На куда ему деваться? А главное подписать бумаги не может – руки-то не двигаются, переломаны в ста местах. Смотрит он на меня, как рыба, и мычит. Ну а я что, я же человек очень сердечный, милосердный. Позволил я ему подлечиться, но только пока руки не заживут, чтобы мог генеральную доверенность подписать. И чтобы вы думали, этот отморозок воспользовался моей добротой и только вроде весь лежал в больничке забинтованный, а как только в себя пришёл в бега пустился. Но от Татарина не уйдёшь. Ещё никто не уходил. Это я вот ото всех ушёл. Все мои кореша – кто на том свете, кого в двухтысячных снайперы постреляли, кого на пожизненное лично Сам в Полярную сову и Чёрный Лебедь определил без суда и следствия. А что? Улик-то против нас никаких, мёртвые-то они не кусаются и не разговаривают. А Татарин жив себе живёхонек на свободе, и никто на меня рот свой не разинет. А почему? А потому что жили напоказ, вроде все переобулись, отбелились, у всех легальный бизнес. Да только деньгами больно светили, не нравилось это Ему. Всех Он распределил – есть улики, нет улик, ему по-барабану. Кого на тот свет, кого лаптями вверх и на пожизненную. А пожизненка она знаешь хуже высшей меры. Так-то.

Так вот, нашли мы этого барыгу, когда он уже почти в Финку ушёл, привезли на его же завод мясной, повесили, значит, там на цепях к потолку. А была у него на мясухе такай огромная чудо-мясорубка. Ну что нам было с ним делать? Пришлось ему руку отрезать, да его же руку сквозь мясорубку эту пропустить, сделать из неё колбасу и ему же и скормить. А что? Всё должно быть по справедливости. С ними же как, с этими комерсами-барыгами? Всё на страхе, да на авторитете. Одного такого отпустишь и всё дело развалится, никто платить не будет. Ну короче, заставили мы его собственную руку в колбасе съесть, а потом прямо к мясорубке на цепях подтянули, вторую руку в мясорубку засунули и ножи включили. Барыга орёт, кровища хлыщет, всё залила. Хотел я его всего на колбасу перемолоть, да пожалел. Я же добрый очень был тогда. И вот после этого он мне всё подписал – и квартиру, и завод этот мясной, и машину, и даже дачу, о которой мы не знали.

– А как же это он тебе подписал, без рук-то? – недоверчиво спросил «Татарина» я.

– Как-как… – замешкался тот, но потом нашёлся и ответил, – Да так и подписал – ртом, как ещё. Он потом всю жизнь с культяпками проходил, протезы какие-то вроде себе сделал. Руки-то ведь их не отрастишь, вторые не вырастут, надо знать с кем связываешься. Он на нас ещё долго потом работал, безрукий этот, который свою руку в колбасе схавал. Да мы его так и называли – ручник.

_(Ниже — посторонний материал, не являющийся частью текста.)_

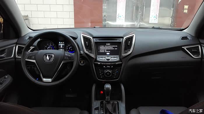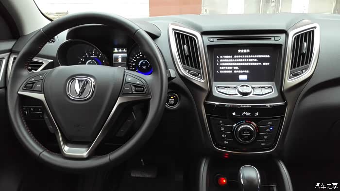 对于中控部分,其实是我最喜欢的部分之一,有朋友说像八戒,好吧我承认有点像不过我还是非常喜欢,在2个菱形空调出风口的中间配上7寸大屏幕导航这更显示了小7的尊贵和奢华。在晓7空调部分,按键规整,按键手感非常舒服,旋钮式温度调节及自动空调更显高端档次非常用心的设计。小7的多功能方向盘滚轮式音量调节及蓝牙电视都是非常实用非常大气的设计,定速巡航功能超级好用,方向盘4项手动调节更显人性化设计。仪表部分为炮筒式设计,中间搭配3.5寸彩色小屏显示3种模式,1:为常用模式,分别是油耗、小计里程A、B、巡航速度显示,胎压监测等。2:整车状态模式,它是查看车子在行驶过程种有无异常显示。3:导航模式(有箭头和公里数提示)。小7的乘坐空间非常大,后排座位放到后与后备箱持平,能够满足日常的货物运输及小憩,长安人性化设计真心不错,大赞!!!
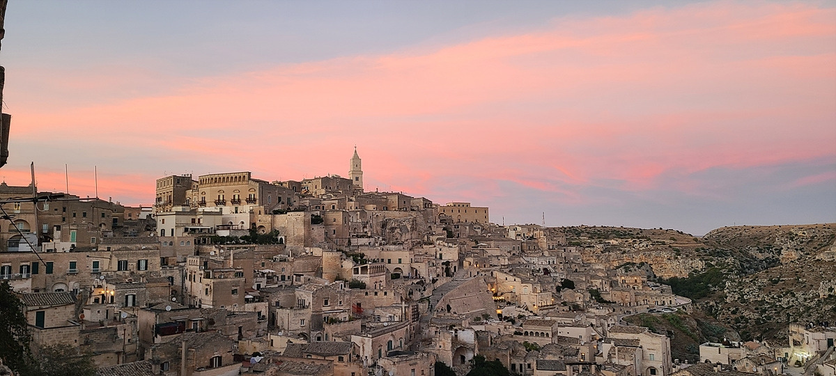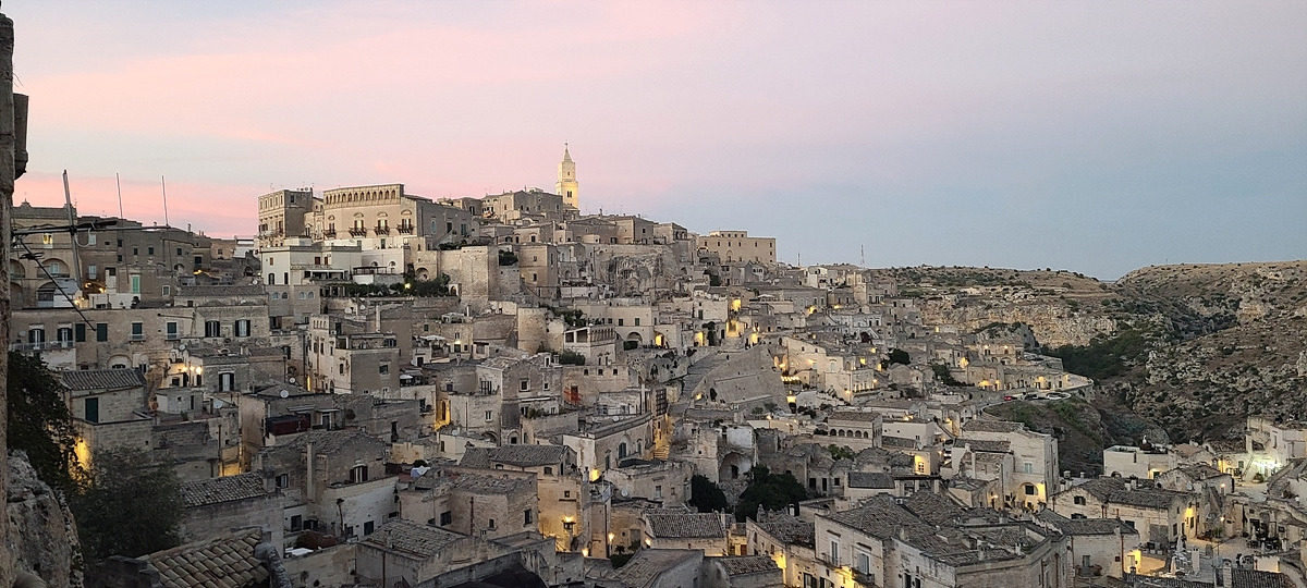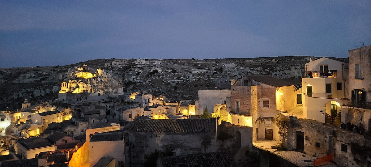 오랫동안 이곳에 머물고 싶어서 사과파이와 라떼마끼야또 한 잔을 추가로 주문했다. caldo한 커피가 freddo해질 때까지 나는 계속 앉아있었다. 마테라의 낮, 노을, 밤을 모두 보고 왔다. 그리고는 단돈 9유로를 지불했다. 마침 전망대로 유명한 지점 바로 옆이었는데, 아주 편하게 앉아서 모든 걸 지켜봤다.

А платили мне в те времена все, я же был самый авторитетный в Орехово. Платили все – барыги, милиция, пацаны, бандиты, ФСБ, директора заводов, все, поголовно. В день мне налом миллион долларов приносили. Складывать некуда было. Так я их зарывал в лесах, на даче, банки свои создавал. Но ведь всё надо с умом. Ведь другие как? Только из бандитов переобулись, только руки от мокродельства просушили, и сразу – в депутаты, шоу-бизнес, олигархи. А Он не любил такого, чтобы на виду, и чтоб ему глаза мозолили. Вот поэтому Он лично и постановил всех убрать без суда и следствия. А Татарина, говорит, оставьте, его я уважаю. Вот так вот. И что где теперь те бандиты и где я?

 

– А кто такой этот «Он»? – удивлённо вскрикнули мы с Родионом.

– Да как кто? Вы что? Неужели не понимаете? – Татарин многозначительно посмотрел наверх и послюнявил палец, как будто сейчас надо пересчитывать деньги, – голову включайте!

Мы ничего не поняли, что это за магический и всесильный «Он», пожали плечами, но перебивать не стали. Тут в ход беседы вмешался мой приятель.

– И куда ж ты все эти бабки дел? – осмотрев с ног до головы кожаного Дракулу, по совместительству короля преступного мира, Профессора Мориарти наших дней, спросил Родион.

– Куда-куда… Да никуда… Все они у меня, как были, так и есть. Просто я был очень справедливый, когда всё подо мной в Москве было. У меня знаешь, как все заводы работали? У меня зарплату народу секунду в секунду выплачивали. И попробуй просрочь. Вот один директор завода однажды не выплатил работягам в срок аванс, типа денег не заводе нет, поставки сорвались. Так я к нему приезжаю ночью домой, а он уже того, висит, весь скотчем ногами к люстре привязанный. Это парни мои постарались, подготовили голубка к моему приезду. Я значит захожу, сажусь, а он висит и мычит. Наливаю я себе из его бара вискаря, и ему предлагаю. Я ведь очень щедрый был тогда, вежливый. А он всё что-то мычит. Ну я ему и сказал, чтобы завтра мужичкам деньги все вернул до копейки, а иначе на счётчик поставлю, а свои проблемы сам решай, ты директор. А завод тот был какой-то государственный, секретный что ли. Да какая разница, все подо мной ходили. Но понятливый директор оказался, всё продал, рубаху с себя снял, а деньги до копеечки людишкам вернул. Понял, дурья башка, что без квартиры жить можно, а без головы нет. Я же в то время очень честный был и справедливый, народ меня уважал.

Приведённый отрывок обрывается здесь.